Hi folks! I’m new here, as of tonight, but it already occurs to me that this might be the place for an idea I’ve been toying with. I’ve done minor carpentry-like woodworking since high school (31 now), but in the last 2 years, I’ve finally been able to rent a house with a detached 1-car garage in LA. Thus began my meteoric rise to choking myself out of said garage with tools and lumber acquisitions :)
Late last year, it occurred to me to wonder what the trees the woods I was using looked like. Suddenly I was getting into dendrology. I’d be at my day job all day, in my shop after that until I thought the neighbors couldn’t take the noise anymore, and then inside reading up on, and investing everything about trees, from leaf types, to grain nomenclature, and I’m positively swimming now with jargon, like “Janka Hardness Scale,” and “pith fleck.” I’ve been reading so much each night, and learning so much so rapidly, that I’ve needed to cool it a bit, just to be able to retain any of it. My brain isn’t keeping up!

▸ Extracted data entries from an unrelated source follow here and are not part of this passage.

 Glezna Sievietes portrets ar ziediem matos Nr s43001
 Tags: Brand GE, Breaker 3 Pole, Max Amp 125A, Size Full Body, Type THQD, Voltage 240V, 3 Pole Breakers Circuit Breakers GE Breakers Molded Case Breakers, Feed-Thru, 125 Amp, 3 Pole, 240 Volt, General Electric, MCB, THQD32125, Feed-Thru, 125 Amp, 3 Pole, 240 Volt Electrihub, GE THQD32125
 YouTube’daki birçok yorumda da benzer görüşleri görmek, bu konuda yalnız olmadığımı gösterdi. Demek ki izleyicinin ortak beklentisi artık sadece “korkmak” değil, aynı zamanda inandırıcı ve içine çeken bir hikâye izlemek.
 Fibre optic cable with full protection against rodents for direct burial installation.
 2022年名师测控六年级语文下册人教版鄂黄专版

When I went to visit my parents in our deep-in-the-woods home in NJ this past holiday season, I used the opportunity to finally go out and photograph the trees, and asked everyone at home who wandered too close what they knew about the trees, as I knew nothing at all. Surprisingly, almost everyone had something to contribute, so I learned a lot about swamp maples, black and white oaks, cypress, sycamore, and a handful of others. I also shipped a few logs from our wood pile, made from our trees, back to me, and some were nicely spalted! I miss home more than ever now :) I didn’t realize my dad’s old 2-acre lot had 40 trees, and nearly as many varieties, and I grew up there! He knew what they all were, and drew me a map (the house was sold a few years back).

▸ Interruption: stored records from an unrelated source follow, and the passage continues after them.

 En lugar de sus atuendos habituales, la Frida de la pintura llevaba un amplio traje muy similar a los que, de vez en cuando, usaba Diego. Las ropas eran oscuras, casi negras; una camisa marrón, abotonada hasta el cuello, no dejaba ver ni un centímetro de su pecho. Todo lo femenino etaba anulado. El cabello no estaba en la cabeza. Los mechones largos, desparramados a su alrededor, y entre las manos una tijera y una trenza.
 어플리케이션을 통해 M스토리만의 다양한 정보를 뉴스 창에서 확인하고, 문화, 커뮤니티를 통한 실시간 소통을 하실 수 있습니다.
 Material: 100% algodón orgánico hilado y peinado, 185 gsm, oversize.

Now I live in LA, and had been cursing that I’ve ended up here with no trees that I can go fell without anyone noticing, as we could in the 35 acres of forest back home, without making a dent. Then I realized something… LA is incredibly diverse in its flora, unlike home where there are maybe 20 tree types. Once I started noticing, I found that just my neighborhood has hundreds of species. It’s all imported – we’re a desert – so everyone has whatever they liked out of landscaping books, and the list is enormous. Lemon scented gums, japanese evergreen pears, giant weeping figs, and on and on. And every now and then they ARE felled, and then people have to figure out what to do with them. My officemate has already promised me more rubber tree than I can handle in my hatchback. It’s over 36” wide at its base, and the internet tells me it’s a decent furniture wood. Fun! I’m also keen to hit up tree doctors in the area, bumming for scraps from any and every variety in the county, perfect for my tiny shop.
Anyway, I’ve been thinking it would be fun to start a blog, wherein I go out and pick a new tree now and then, document everything in pictures (bark, base, full shot, leaves/twigs, any fruit/cones/anomalies, etc., and see if anyone out there would help me track down what it was. Is this something folks here would be into? I see that I can add blogs to series (this site keeps getting cooler and cooler), so I’ve preemptively started a Tree ID series for this reason. I think it would take a long time to find as many potentially interested parties as may be here already, and this way, I don’t have to get blogging software sorted myself.
Also, though I would post a few pics here anyway, is it considered foul-play to also link from here to a more image-based site, like Flickr, for the big, and very high-res image dumps (12 megapixel)? As an example, here's a tree I was really excited to finally identify in the parking lot at work last week. They’re all around the neighborhood, and so pretty, if pruned tremendously. All of the surrounding neighborhood is like a crossword puzzle now, and just driving to and from work takes me past maybe 150 species, almost all of which I don’t yet know anything about. How exciting!